- **WHAT TO PRODUCE**:
All that is wanted is the exact text of the lines below from the one with "Костюм женский Chanel" through the one with "- Matches in", inclusive, minus any pictures.
===
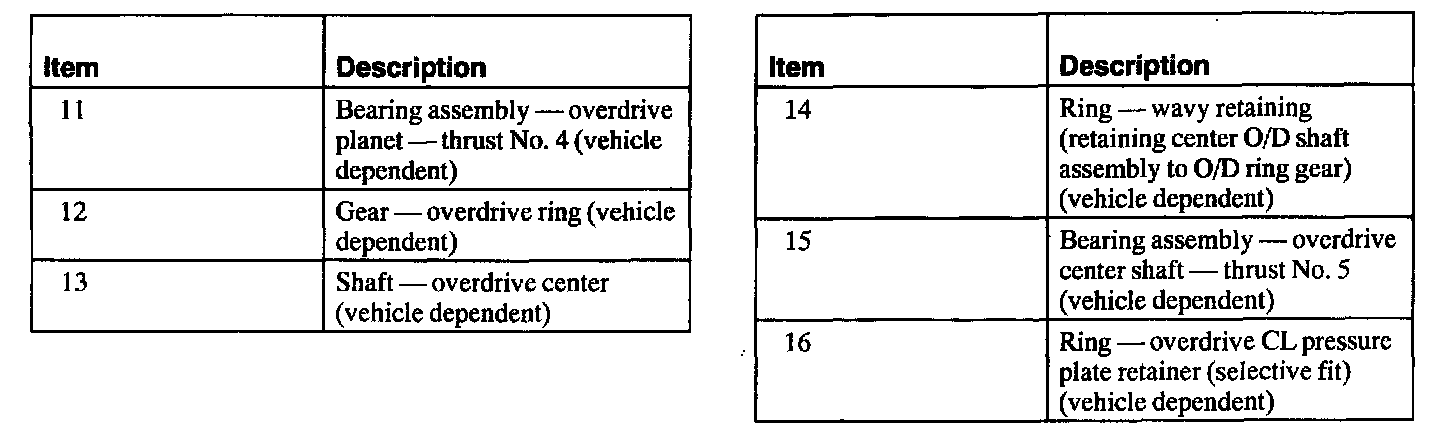 The overdrive clutch is splined between the case and the coast clutch cylinder. The overdrive clutch holds the coast clutch cylinder and, in turn, the overdrive sun gear, to permit the planet assembly to overdrive the ring gear.
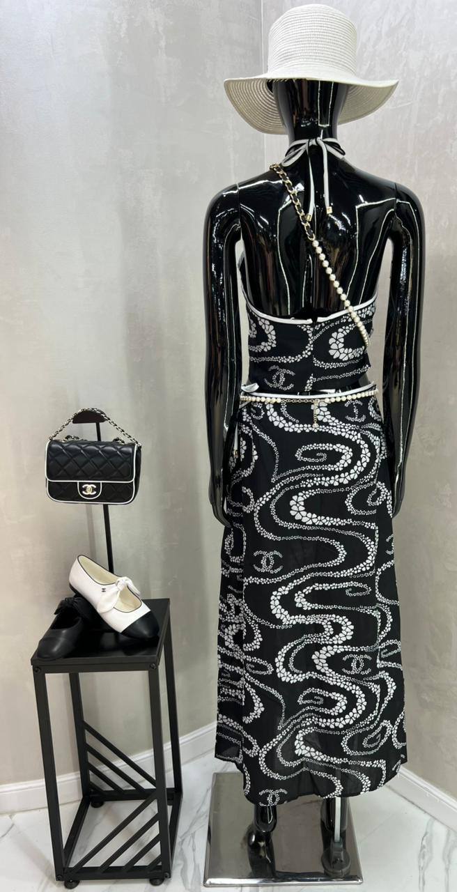 Костюм женский Chanel LUX-119599 представляет собой стильный и элегантный наряд от знаменитого бренда. Костюм выполнен в классическом стиле с модными элементами, что делает его актуальным для различных случаев. Чёрный цвет с белым принтом придает костюму изысканность и неповторимый шарм.
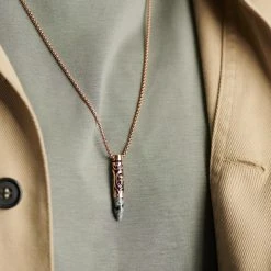 Arkai Collier Rico à Pendentif En Forme De Cartouche Noire Et Pierre Oeil De Tigre
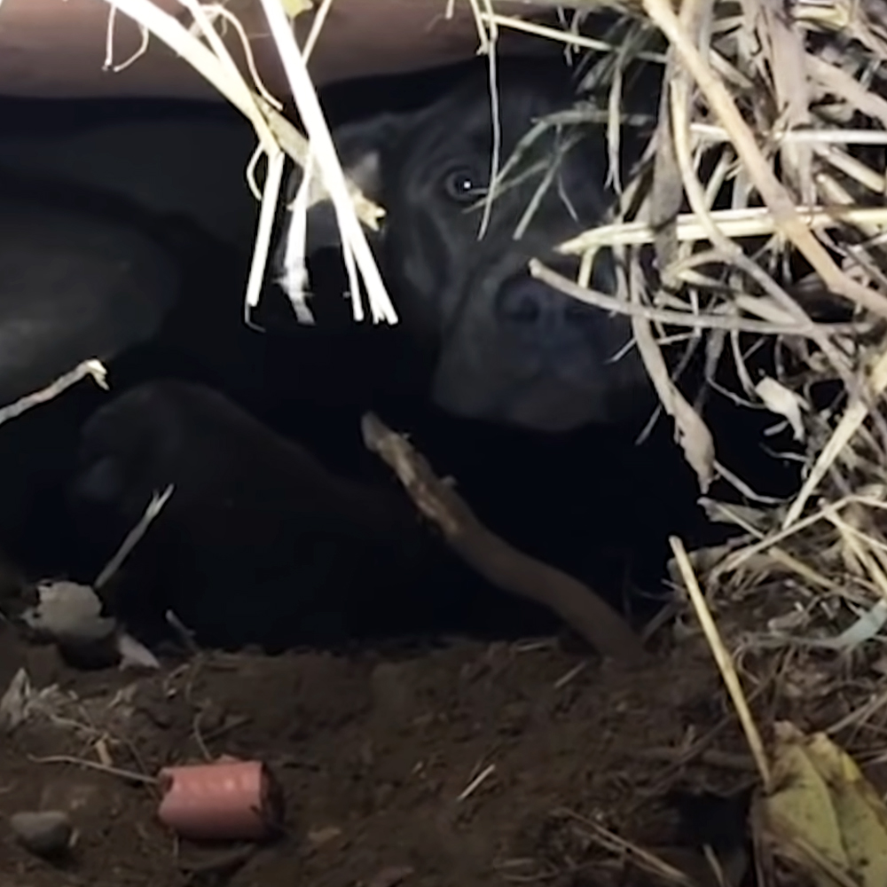 She growled at them when they went close to her puppies. So, Donna threw some treats out so that she could lure out the mama Pitbull. Donna was very patient and waited for the Pitbull to come out.
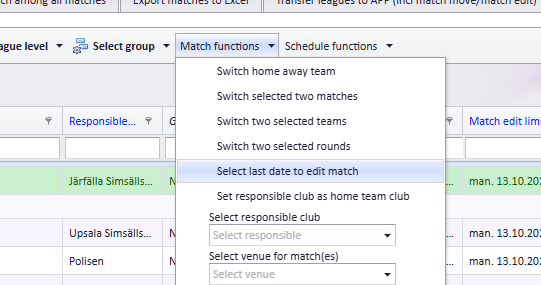 - Matches in PL are set to be unpublished. Matches must be approved (published) from PL after club admin has suggested play time and venue. Suggestions are shown in a grid in menu "Schedule".
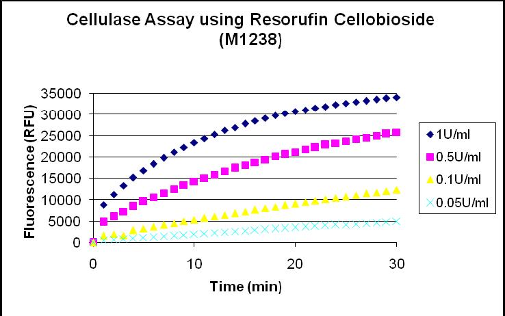 Activity of most cellulases is monitored by the fluorescent substrate, Resorufin Cellobioside, contained in the kit. Upon cleavage, the fluorescent compound, Resorufin, is released and fluorescent activity measurements can be taken. The Fluorescent Cellulase Assay Kit allows fast and easy detection of most cellulases in a microtiter plate based assay format.
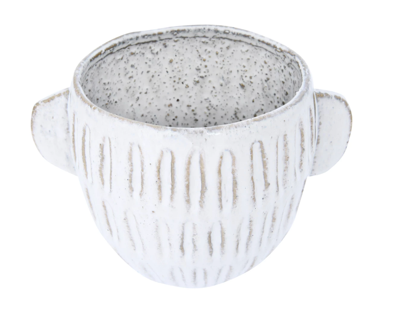 With ear-style handles, this off-white stoneware planter features a remarkable reactive glaze finish. The glazing process creates individual works of art on each distinctive piece. Fill it with a potted plant and display on a tabletop or mantel for an amazing accent to the room decor.
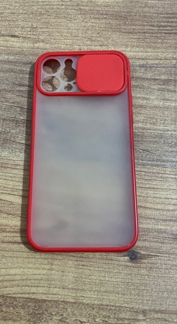 Bohem tarzda, kırmızı çerçeveli ve kamera için fermuarlı kaydırıcıya sahip, gri yarı saydam arka yüzlü telefon kılıfı.
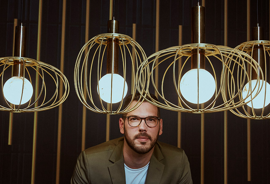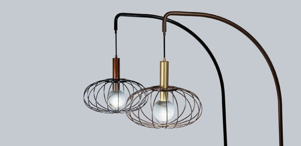 METAL STRUCTURE AND LAMPSHADE Ø40 OR Ø28 POWDER COATED – ITS 4W LED SOURCE CLEVERLY HOUSED IN ITS BRASS DOME – ALABASTER OR CRYSTAL SPHERE Ø11.
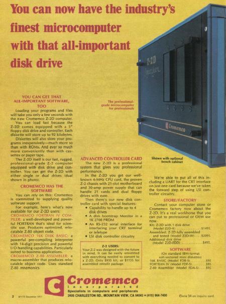 The following picture is a page from a magazine advertising the Cromemco computer in 1977. By assembling the computer from a kit I saved about $600. The assembly procedure required me to solder every electrical component to the printed circuit boards. My 13 year old daughter helped me and she was a really big help too. She was fascinated by this enormous task that I had undertaken, but she also knew her father was nuts.
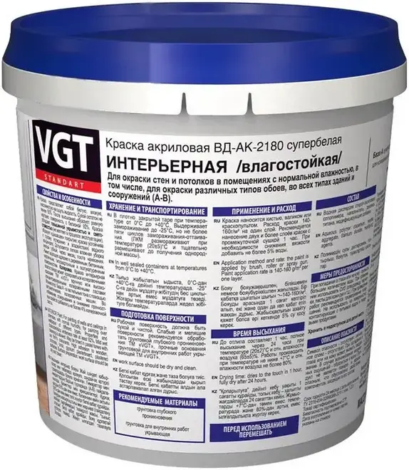 Поставляем краску интерьерную акриловую матовую для стен ВГТ ВД-АК-2180 Superwhite (1.5 кг) оптом и поштучно. Скидки для постоянных клиентов и торговых организаций. VGT ВД-АК-2180 - обсуждение, консультации.
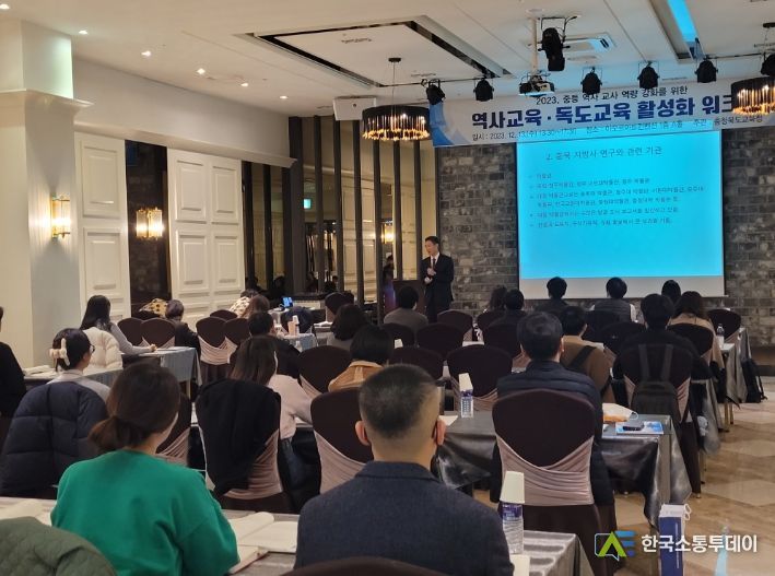 한국소통투데이 관리자 기자 | 충청북도교육청은 13일, 아모르아트 컨벤션에서 중등 역사 교사 100여 명을 대상으로 '역사교육 및 독도교육 활성화 워크숍'을 개최했다.
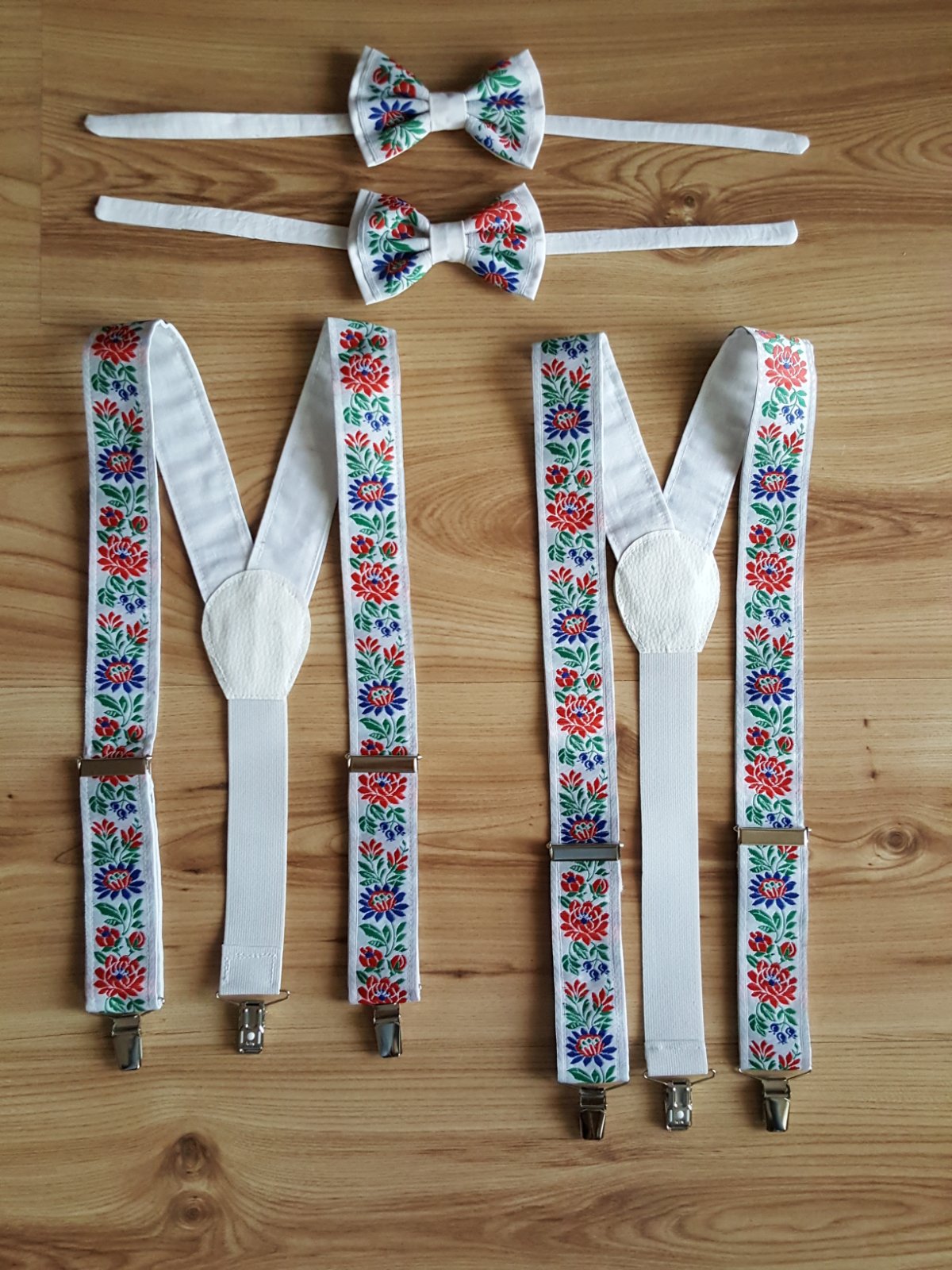 Motýlik je vyrobený na obvod krku, aký mi pošlete. Zapínanie je na suchý zips. K motýlikom viem urobiť aj traky, prípadne opasok k dámskym šatám, alebo skladanú sukňu s takýmto opaskom (pozrite moje inzeráty, mám tam skladanú sukňu). Traky sú nastaviteľné, vzadu v tvare Y na gumičku. Farbu si môžete vybrať: červená, čierna, tmavomodrá, modrá, biela.
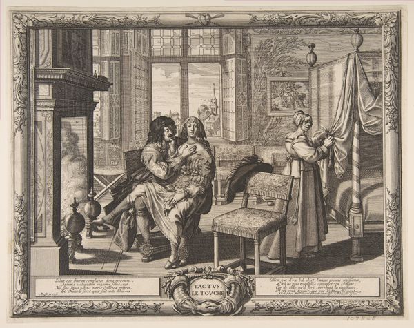 Editor: This engraving by Abraham Bosse, titled "Childbirth," created in 1633, depicts exactly that. What strikes me is the composition—how Bosse manages to convey so much within this framed scene. How do you approach the analysis of a piece like this? Curator: Formally, the tight composition underscores the intimacy of the event. Observe how the strong lines of the architectural elements—the bed, the window frame—bisect and contain the figures, directing the eye to the central action. The print’s success hinges on the balance of the chaotic energy of birth with a structured, almost geometric, arrangement of space. Note, too, the texture achieved through the meticulous use of line in the engraving process. What does the light reveal? Editor: I see, the light from the window emphasizes the depth of the room. And all the lines definitely give it a sense of… texture. Curator: Precisely. It animates the fabrics, the skin, and differentiates the surfaces. More theoretically, this piece presents an interesting study in semiotics. What meanings can we ascribe to the various objects and figures depicted? Editor: Hmmm, are you saying the figures might symbolize something else beyond the surface? Curator: Indeed. What of the contrast between the active midwives and the seemingly passive mother? What about the open chest, full of linens – are these not potent signifiers within the depicted domestic space? It's a fascinating system of visual rhetoric. Editor: I hadn’t considered that, looking at it that way reveals the many layers embedded in its forms and techniques. Curator: And by appreciating these internal structures and signifying systems, we unlock a more profound understanding.
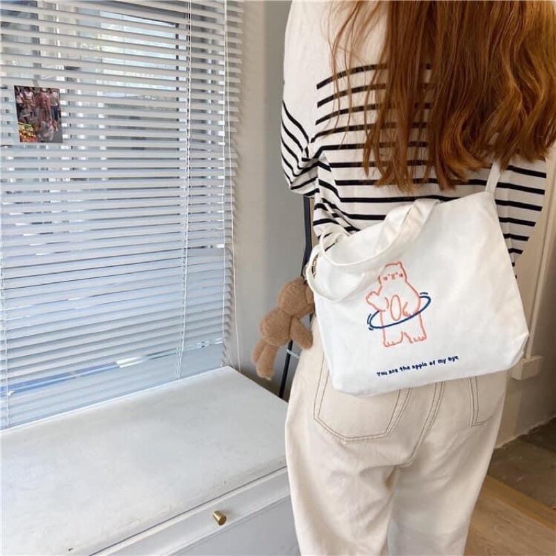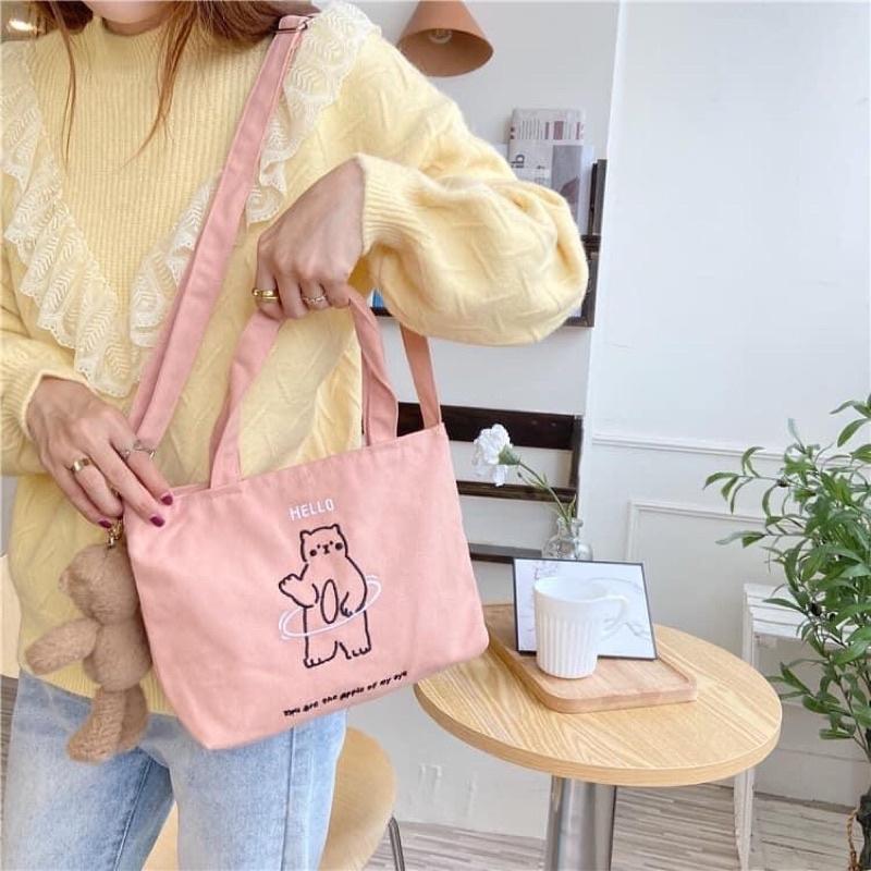 Túi Tote Túi Vải Canvas đeo chéo HelloGau thêu có dây kéo và ngăn phụ
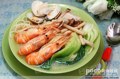 5、把海鲜铺在面上、然后把锅中的上汤淋上面中,就可以开吃啦!
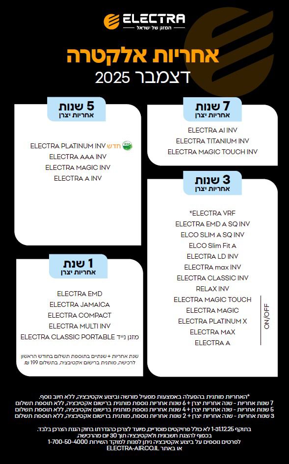 אחריות מזגני אלקטרה Electra |
===
- **WRITTEN RESPONSE**:
 Костюм женский Chanel LUX-119599 представляет собой стильный и элегантный наряд от знаменитого бренда. Костюм выполнен в классическом стиле с модными элементами, что делает его актуальным для различных случаев. Чёрный цвет с белым принтом придает костюму изысканность и неповторимый шарм.
 Arkai Collier Rico à Pendentif En Forme De Cartouche Noire Et Pierre Oeil De Tigre
 She growled at them when they went close to her puppies. So, Donna threw some treats out so that she could lure out the mama Pitbull. Donna was very patient and waited for the Pitbull to come out.
 - Matches in PL are set to be unpublished. Matches must be approved (published) from PL after club admin has suggested play time and venue. Suggestions are shown in a grid in menu "Schedule".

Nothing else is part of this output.